Maximum performance in cleanrooms

Material developers have not alone been instrumental in accelerating the use of plastics in the medical technology and pharmaceutical industries. Machine manufacturers have also played a role by establishing the prerequisites for this. Engel for example, has designed its all-electric Engel e-motion injection moulding machine systematically for high-performance operation and use in cleanrooms. Cleanroom versions of the machines are offered across the complete clamping force range up to 5,000 kN. In this way ENGEL meets the demands for increased use of multi-cavity moulds in GMP environments.

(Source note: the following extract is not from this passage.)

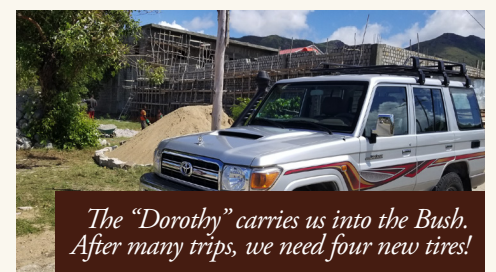
The "Dorothy" carries us into the Bush. After many trips, we need four new tires!

6,000 PEOPLE HEARD THE GOSPEL 12 BAPTISMS 256 PROFESSIONS OF FAITH 12,000 HUNGRY PEOPLE FED

New GAMP 5 fulfilled completely

Engel’s medical business unit works closely together with developers. In this way Engel accounts for the specific requirements of users in the medical technology and pharmaceutical industries from the beginning. One example of this is the control unit generation CC300, which meets the requirements of the new GAMP 5 in full. Whereas GAMP 4 still classified the control system as firmware, GAMP 5 requires validation of all software solutions. The control units for injection moulding machines fall in software category 3, which means that the requirements from the specification book must be evaluated with the help of an FMEA and implemented on the basis of these results. Apart from the risk assessment, GAMP 5-compliant documentation comprises the validation master plan and change management. The complete lifecycle model of the CC300 control unit therefore corresponds to GAMP 5 requirements.